His scholarly work has been published in top economics journals, including the American Economic Review by the American Economic Association, the Review of Economic Studies by Oxford University Press, the Review of Economics and Statistics by MIT Press, Economic Development and Cultural Change by The University of Chicago Press, the Journal of Policy Reform by Routledge, the Journal of Public Economics by Elsevier, the Journal of Development Economics by Elsevier, and Economics Letters, and other academic journals.

This research has been recognized with the Juan Luis Londoño Prize, presented to the best paper on social policy in the Latin American and Caribbean Economic Association (LACEA) Conference program, Santa Cruz de la Sierra, Bolivia, October 15–17, 2015 (“Educational, Labor Market, and Welfare Impacts of Scholarships for Private Secondary School: Evidence from Colombia,” co-authored with Eric Bettinger, Michael Kremer, Carlos Medina, Christian Posso and Juan Saavedra); and also with the First Prize for Best Contribution in the area of “Globalization, Regulation and Development” at the Global Development Network Annual Conference Program, Prague, Czech Republic, January 16–18, 2010 (“Trade Reforms and Market Selection: Evidence from Manufacturing Plants in Colombia,” co-authored with Marcela Eslava, John Haltiwanger and Adriana Kugler.) In addition, the latter paper was published in 2013 in the Review of Economic Dynamics and was identified by the publisher, Elsevier Science, as one of the most highly cited papers during 2014, 2015 and up until June 2016, according to data from Scopus (the largest abstract and citation database of peer-reviewed literature).

===Foreign direct investment===
In his work on spillovers from foreign direct investment (FDI), Kugler has shown that the presence of multinational corporation affiliates (MNC) can yield technological opportunities for host country producers in upstream sectors, especially when the MNC subsidiary is an exporter and the potential spillover recipient firm has absorptive capacity to adopt new technology. When subsidiaries and local firms are connected through the production chain, then FDI generates transmission of technological know-how as input suppliers are the recipients of information from their clients.
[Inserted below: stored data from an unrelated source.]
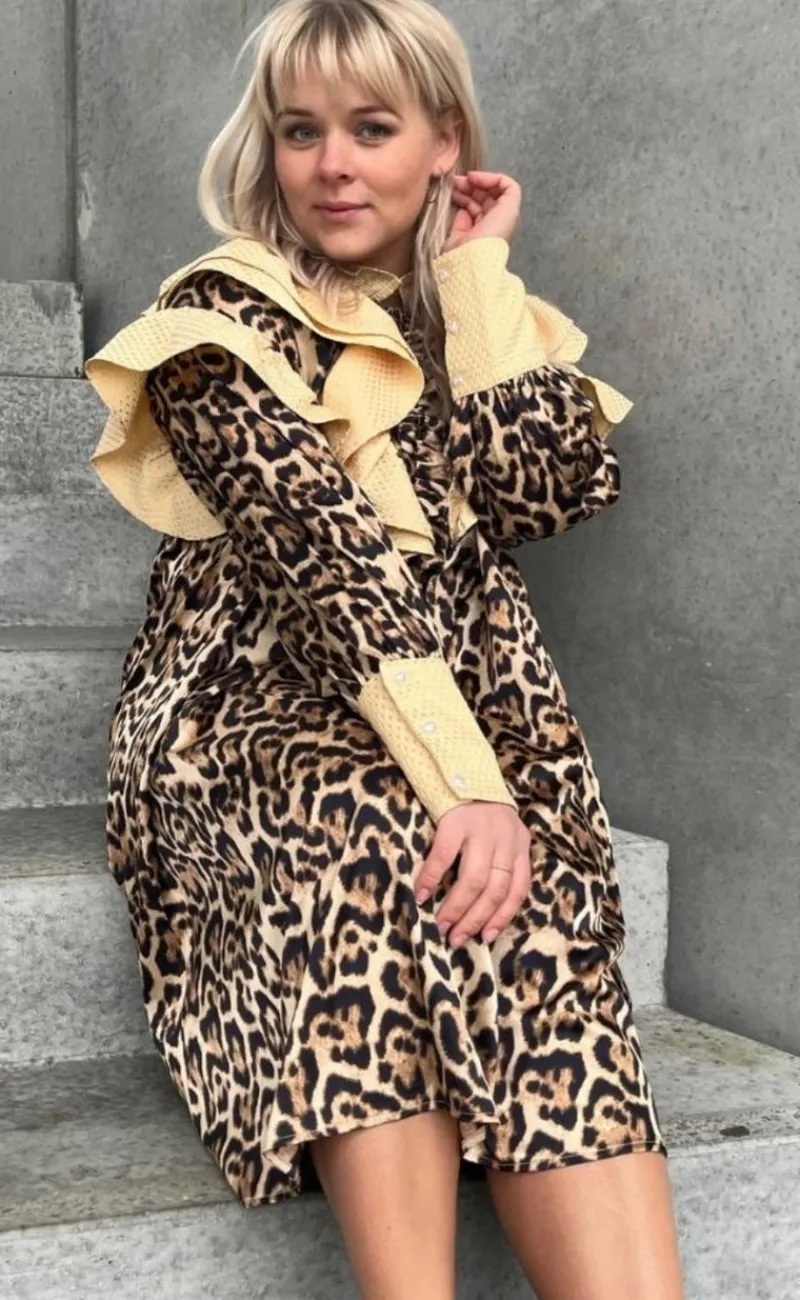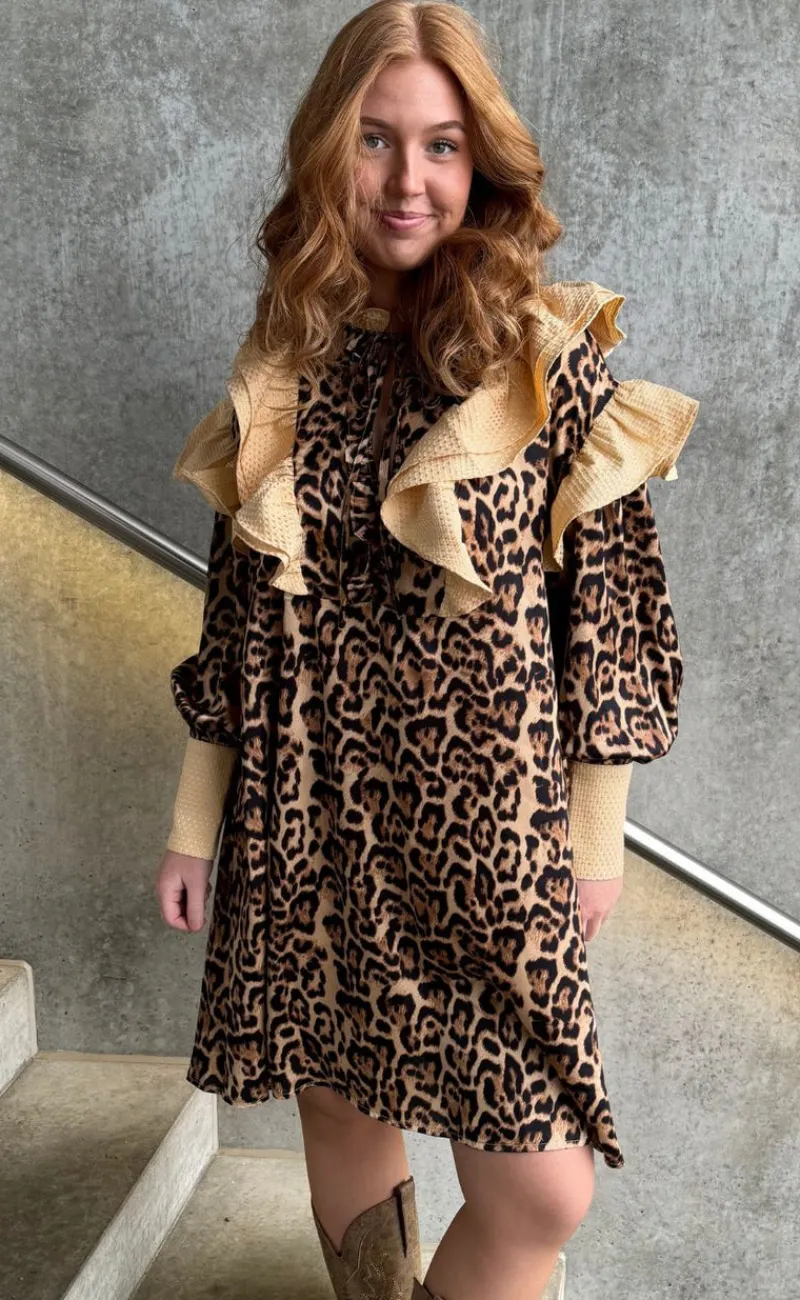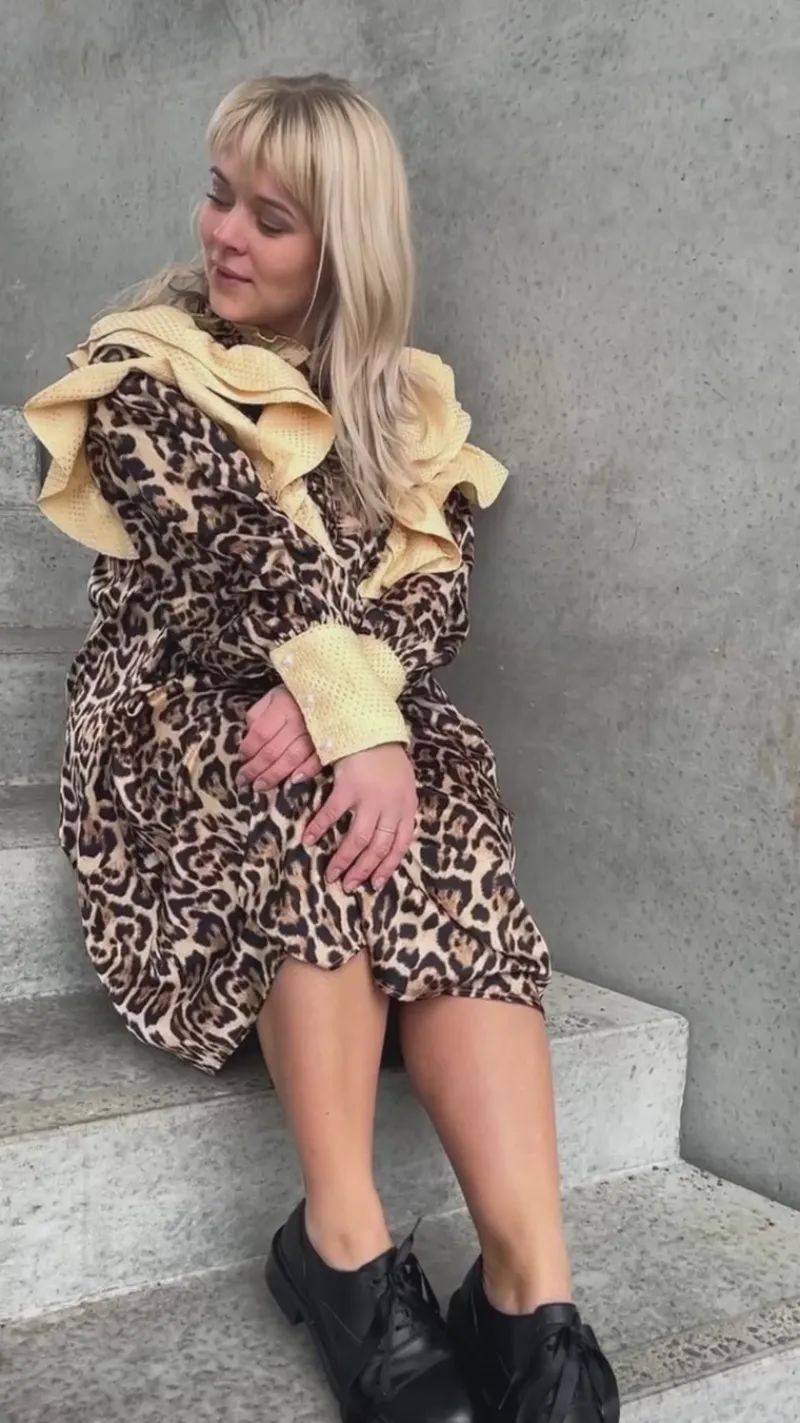 Pæn kjole i et leopard print.
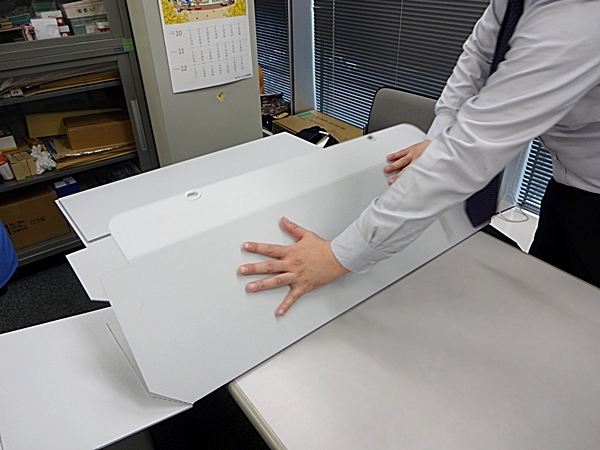 一段分のスクラップブックをまとめて「組み立て式棚はめ込み箱」に入れることで、書庫のスペースを考慮しながら、スクラップブックを保護することが出来ます。工房で制作されたのち、平らな状態で納品されるので、軽く扱いやすく、組み立てる際に糊や接着剤を使用せず、保存する資料に良い環境というだけでなく、組み立ても簡単です。
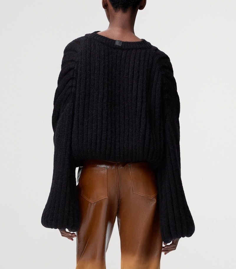 Ribbed Balloon-Sleeve Sweater
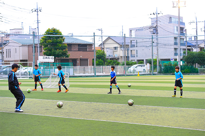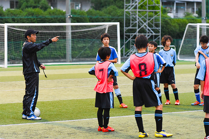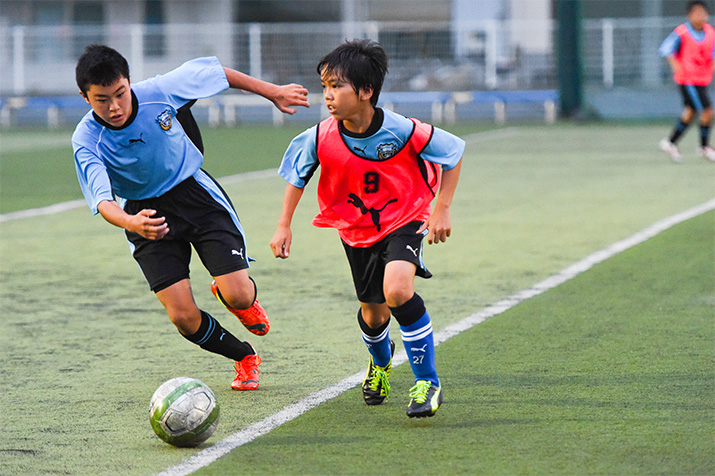 クラブの方向性として、小学生年代ではサッカーの基本的な技術を習得させます。この年代は、背の大きさや足の速さで勝負に勝てることも多いのですが、そうした素質の部分だけに頼っていると、いつか必ず苦しくなってしまうからです。また、早いうちから技術を身に付けておくことによって、選手としての幅が広がり、そのなかでいろいろな駆け引きを覚えることもできます。ところが、自分のプレーに自信をなくし、ボールを持つことをストレスに感じて、すぐに手離したがるようでは、選手としては厳しくなります。
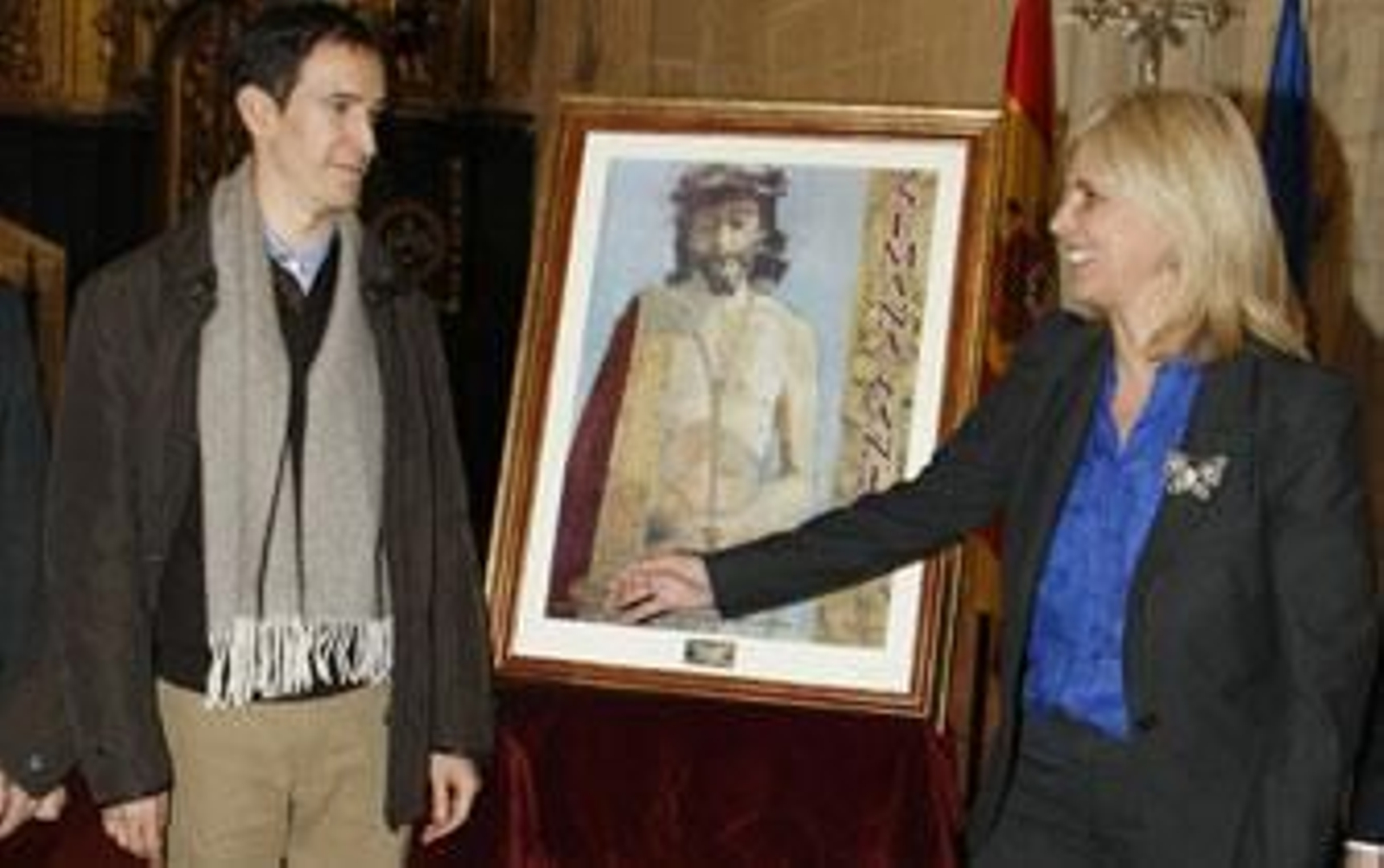 Jesús Jerónimo Jiménez es el autor de la obra ganadora del concurso que convoca la Unión de Hermandades dotado con un premio de 3.000 euros. Es licenciado en Bellas Artes y el jurado destacó de su cuadro la técnica empleada calificándola de muy experta destacando la serenidad del rostro del Señor. El Ecce Homo domina una obra en la que también se apuntan detalles que lo ubican en su entorno como los frisos de la fachada del cabildo de la Asunción. Buena entrada en San Dionisio en cuyo altar mayor se situó el Ecce Homo. El ambiente se llenó de compases de Beigbeder, Orellana y Davia. Actuó como presentador el periodista Gabriel Álvarez que condujo un acto que se abrió con una marcha, glosó el cartel y dio paso al descubrimiento del cartel, que lo hicieron la alcaldesa, el presidente del Consejo, el autor y el hermano mayor del Mayor Dolor. Jesús Jiménez tuvo el detalle de obsequiar como recuerdo algunos bocetos del cartel. La primera intervención estuvo a cargo de Pedro Pérez que resaltó el valor del anuncio oficial de la Semana Santa. Evocó el tiempo que se abre con la presentación de ayer: "Ya huele a Semana Santa", dijo para resaltar el significado que en los sentimientos tiene el acto. Calificó como un privilegio poder "mostrar a Cristo en los escaparates y en cualquier rincón de la ciudad". Hizo un ruego para que "los que ostentamos responsabilidades cofrades seamos siendo capaces de seguir anunciando el Evangelio y trabajando por la sociedad". La alcaldesa cerró la cita con unas palabras en las que se unió a las peticiones del presidente de solidarizarse con los cristianos que sufren persecución por ser católicos. "La Semana Santa es un hecho religioso y una realidad de fe aunque tenga otras consecuencias positivas para la ciudad", manifestó. García-Pelayo aprovechó para reiterar el compromiso del Ayuntamiento con el movimiento cofrade: "Han sido años difíciles para todos pero se va avanzando" y adelantó que en el próximo pleno irá a aprobación la cesión del edificio del Mamelón como sede del organismo cofrade.

(See e.g. Maurice Kugler (2006), "Spillovers from foreign direct investment: within or between industries? Journal of Development Economics, Vol. 80, No. 2, pp. 444–477).

Other recent evidence of the impact of FDI on Venezuelan manufacturers shows that when MNC subsidiaries use the host country as an export platform, there tends to be more scope for FDI spillovers, especially within sectors as subsidiaries do not compete for the domestic market with local firms. In particular, the fact that exporter subsidiaries are more prone to transmit information to local firms implies that vertical FDI is more likely to generate spillovers. Since vertical FDI involves the import of components and assembly for exports, the incentive to prevent technology leakages to domestic firms is diminished, as they are not in the competitive fringe.

A study on the link between labor migration and FDI shows them to be complementary rather than substitutes as standard trade theory would suggest. In a neoclassical model, for the capital-labor ratios to equalize, in the presence of factor mobility, either jobs flow to workers in the form of capital inflows or workers flow to jobs in the form of migration, in countries with relatively low capital-labor ratios. In this context, migration and FDI would be substitutes. However, if migration leads to information flows about investment opportunities in the origin country of workers entering the labor force in their destination country, there can be a dynamic complementarity between migration and subsequent FDI.

===International migration===
Research on the determinants FDI location shows evidence consistent with the incorporation of skilled migrants into business networks at the destination country. The links created by these migrants appear to create opportunities for investors in the destination country for FDI project at the migrants' countries of origin. FDI creates jobs where workers have left because those workers convey information to MNC headquarters.

(See e.g. Souraya El Yaman, Maurice Kugler and Hillel Rapoport (2006), "Migration and Foreign Investments across the European Union: What are the Links?" Revue Economique, Vol. 58, No. 3, pp. 725–733).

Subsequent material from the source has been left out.